TRY IT: For the records below, output word for word the lines from the one with "黒板横の大型モニタに映し出さ" up to and including the one with "広いテーブルと机を2つお借り". No pictures.

DATA EXTRACTS:
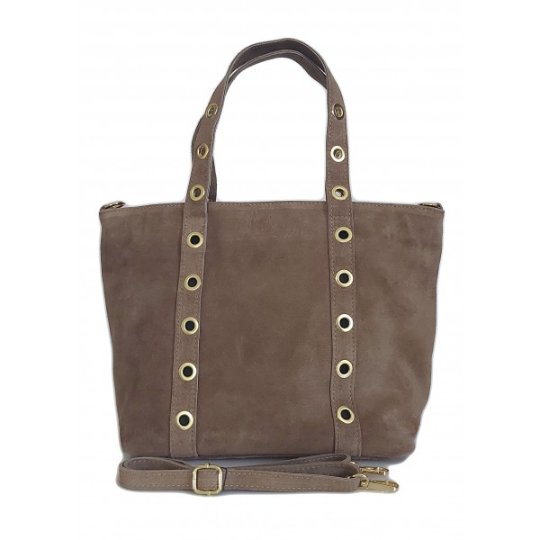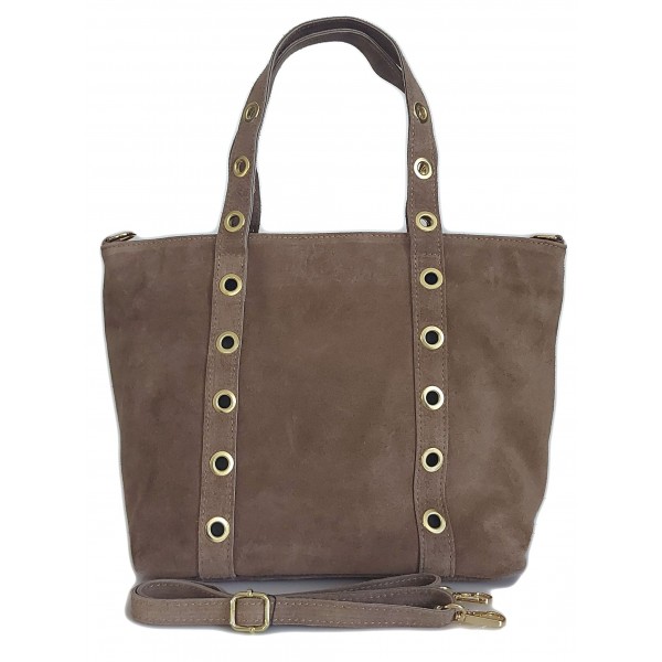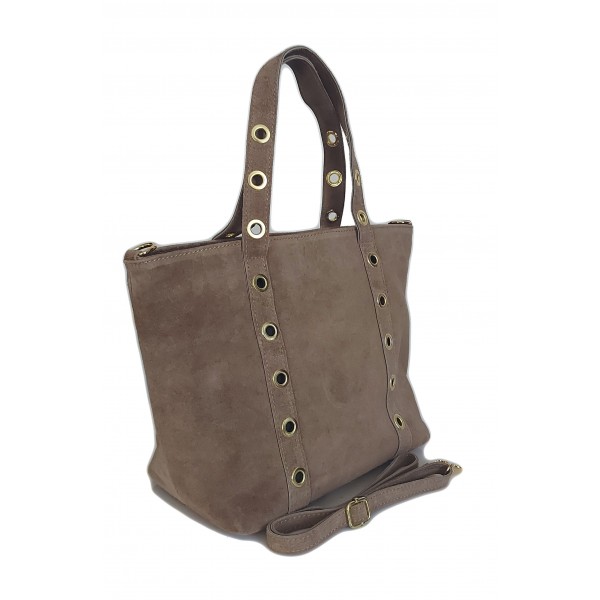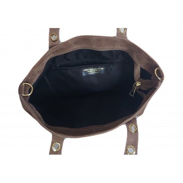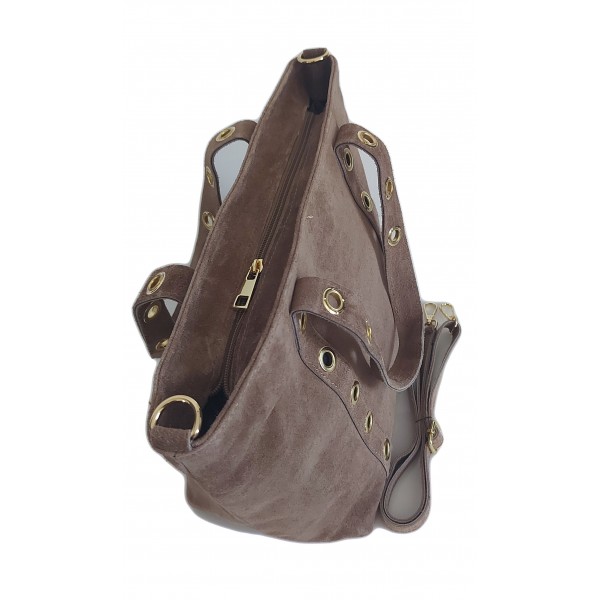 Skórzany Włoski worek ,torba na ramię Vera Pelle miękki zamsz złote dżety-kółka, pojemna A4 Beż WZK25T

---

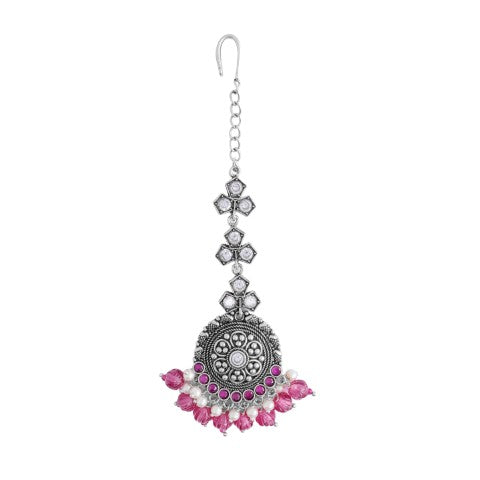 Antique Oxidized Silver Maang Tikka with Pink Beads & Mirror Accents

* * *

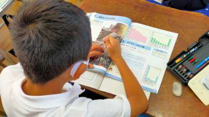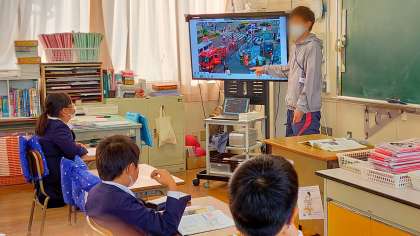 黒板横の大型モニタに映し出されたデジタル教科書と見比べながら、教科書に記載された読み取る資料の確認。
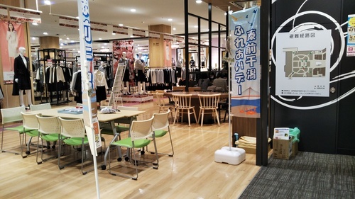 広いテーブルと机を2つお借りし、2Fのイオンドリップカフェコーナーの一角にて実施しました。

EXERCISE RESPONSE:
 黒板横の大型モニタに映し出されたデジタル教科書と見比べながら、教科書に記載された読み取る資料の確認。
 広いテーブルと机を2つお借りし、2Fのイオンドリップカフェコーナーの一角にて実施しました。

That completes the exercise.